▶ Instructions for the task
For the records below, output word for word the lines from the one with "Η Καταστροφή των" up to and including the one with "了解实验要求之后,准备开始实". No pictures.

** Data follows **

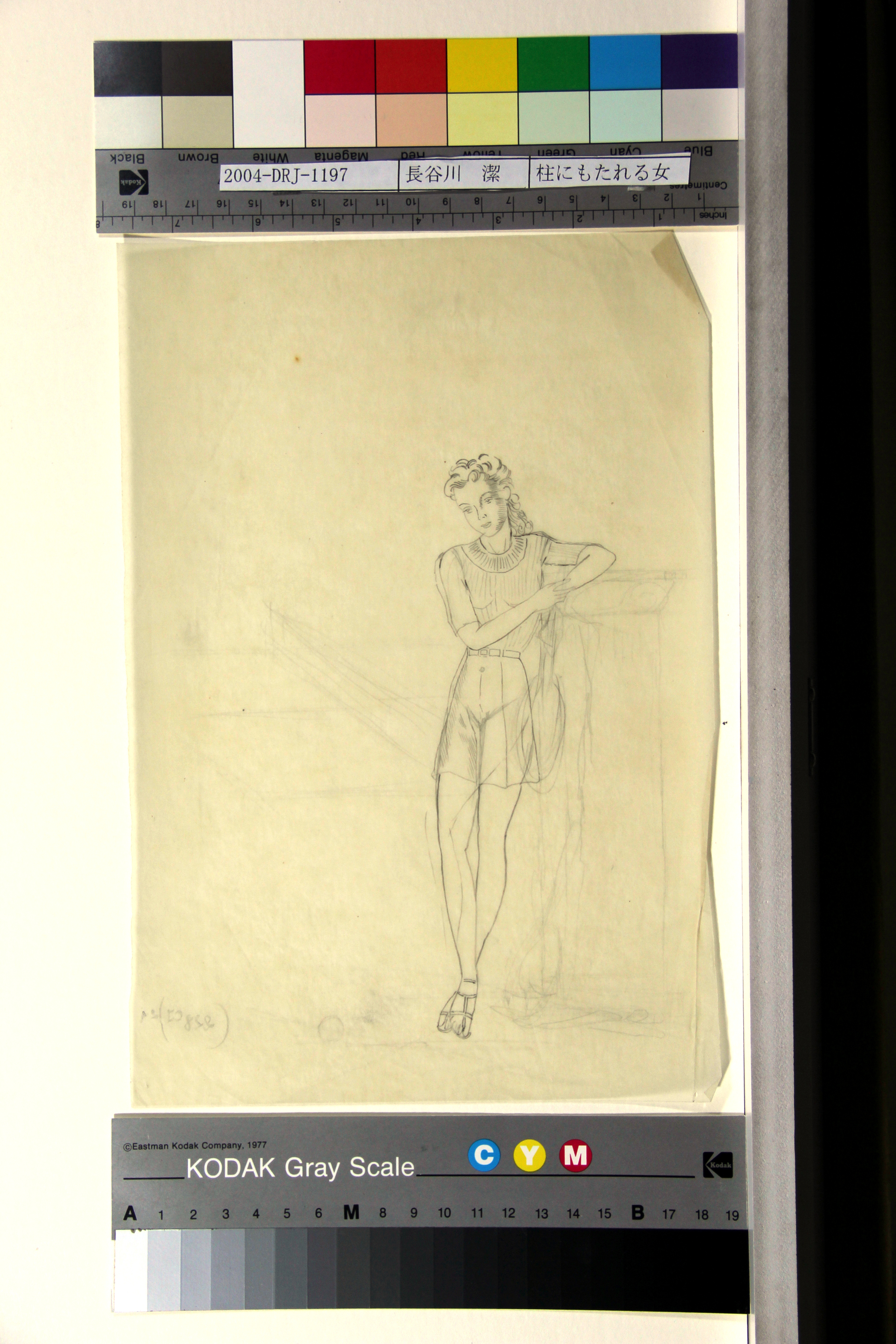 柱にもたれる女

** End of Data **
** Data follows **

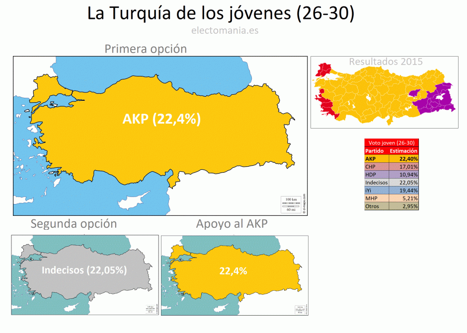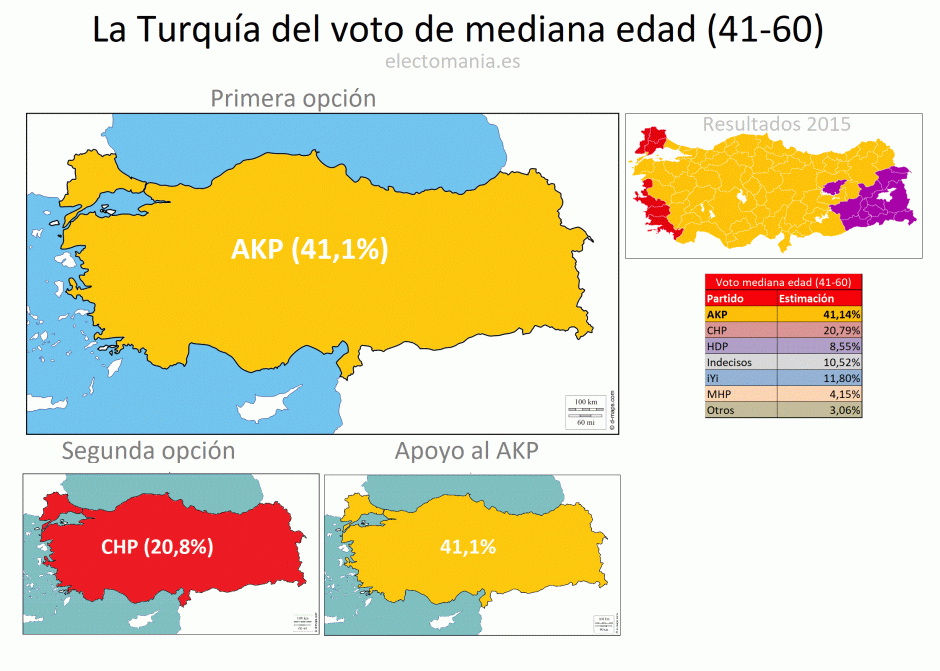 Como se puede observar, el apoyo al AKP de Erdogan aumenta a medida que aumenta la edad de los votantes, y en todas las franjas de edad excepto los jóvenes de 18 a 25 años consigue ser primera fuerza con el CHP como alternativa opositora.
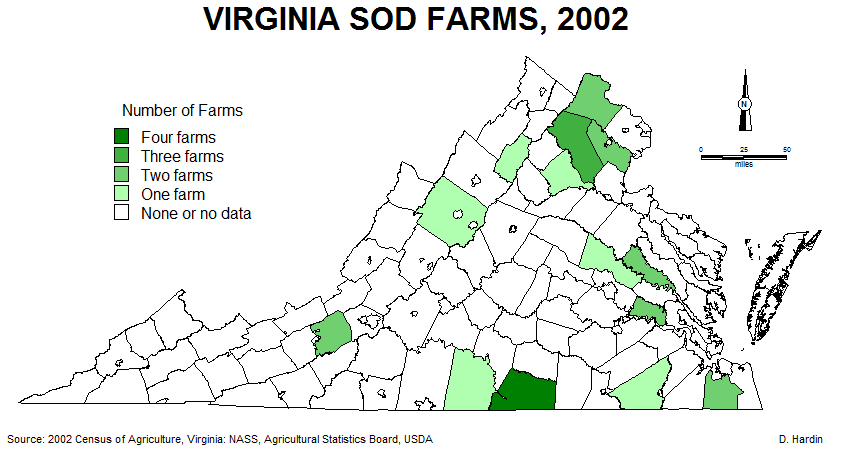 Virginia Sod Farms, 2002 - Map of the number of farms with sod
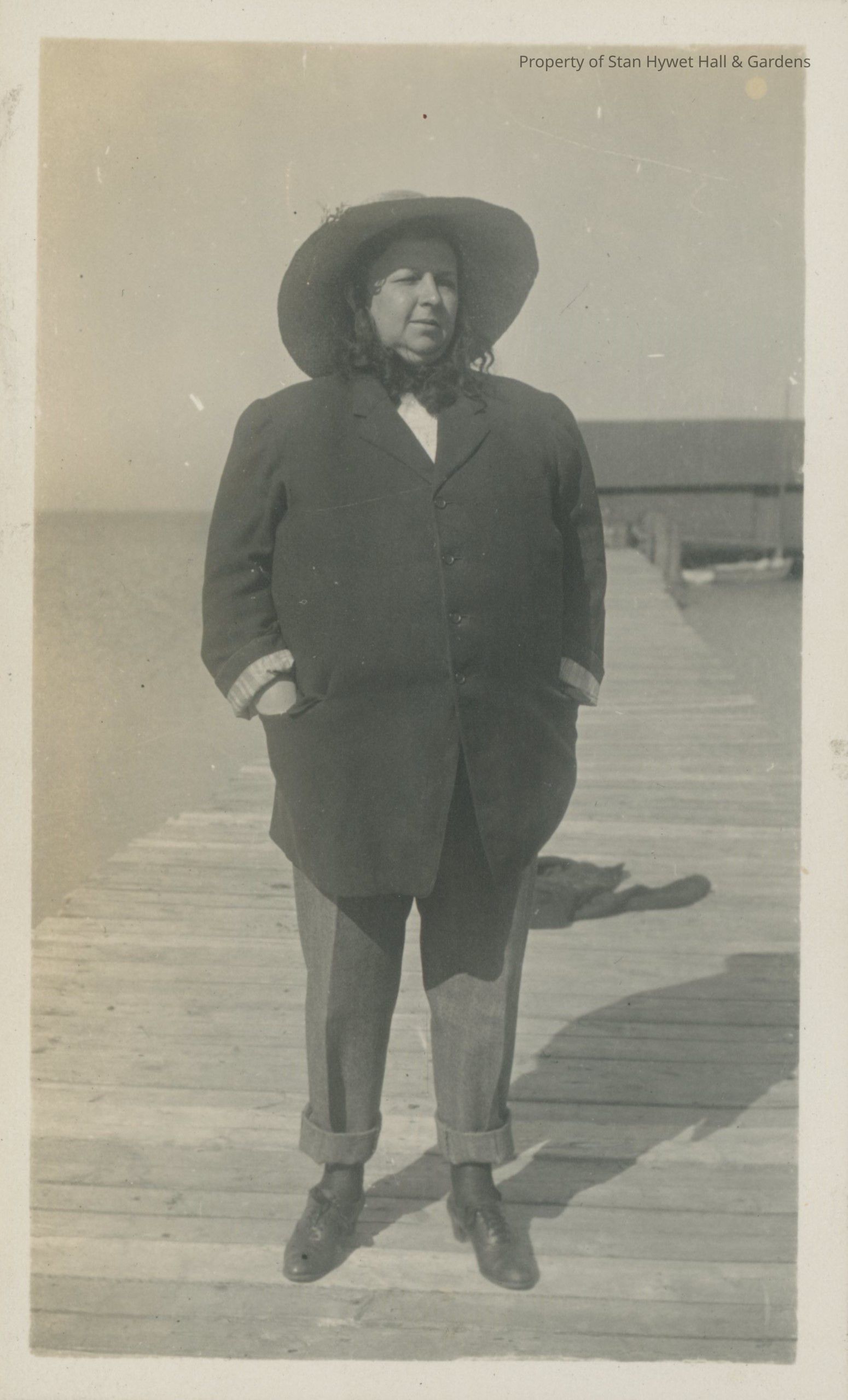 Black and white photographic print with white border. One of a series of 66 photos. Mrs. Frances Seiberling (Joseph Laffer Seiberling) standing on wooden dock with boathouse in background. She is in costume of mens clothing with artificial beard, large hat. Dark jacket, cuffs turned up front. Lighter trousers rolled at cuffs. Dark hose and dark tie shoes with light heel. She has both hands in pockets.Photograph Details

** End of Data **
** Data follows **

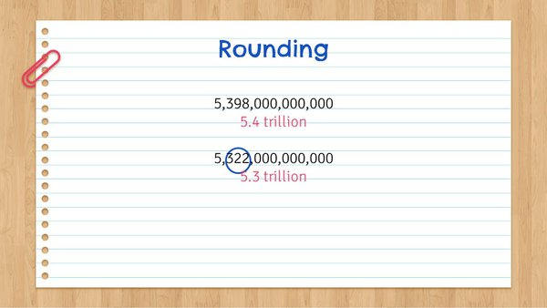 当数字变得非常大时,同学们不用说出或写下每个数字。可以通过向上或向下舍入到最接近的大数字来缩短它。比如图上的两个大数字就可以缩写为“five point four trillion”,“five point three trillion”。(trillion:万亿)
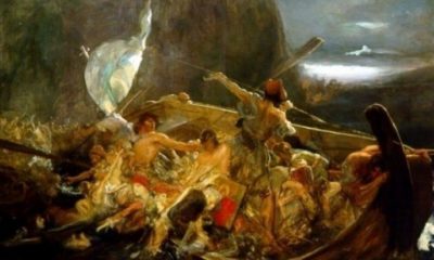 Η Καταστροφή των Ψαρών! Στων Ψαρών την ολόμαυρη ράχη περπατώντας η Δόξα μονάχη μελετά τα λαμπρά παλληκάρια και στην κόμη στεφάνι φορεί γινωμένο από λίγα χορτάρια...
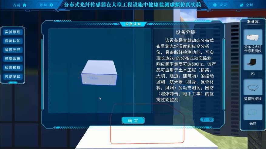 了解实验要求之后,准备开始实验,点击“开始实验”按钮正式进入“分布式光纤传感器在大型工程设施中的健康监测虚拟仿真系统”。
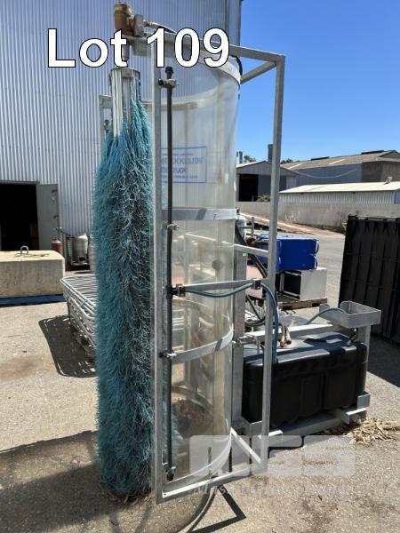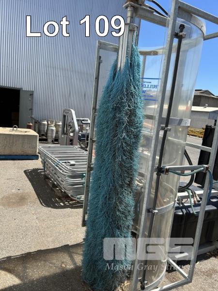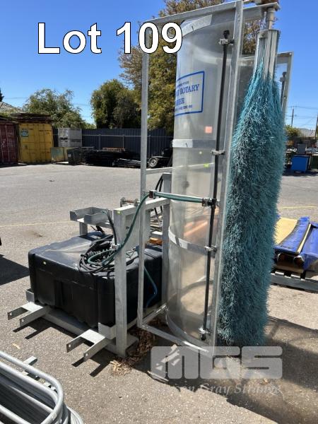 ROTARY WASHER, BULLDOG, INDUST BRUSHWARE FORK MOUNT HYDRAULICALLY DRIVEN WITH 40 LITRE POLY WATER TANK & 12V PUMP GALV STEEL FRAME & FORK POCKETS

** End of Data **

▶ Response to this exercise
 Η Καταστροφή των Ψαρών! Στων Ψαρών την ολόμαυρη ράχη περπατώντας η Δόξα μονάχη μελετά τα λαμπρά παλληκάρια και στην κόμη στεφάνι φορεί γινωμένο από λίγα χορτάρια...
 了解实验要求之后,准备开始实验,点击“开始实验”按钮正式进入“分布式光纤传感器在大型工程设施中的健康监测虚拟仿真系统”。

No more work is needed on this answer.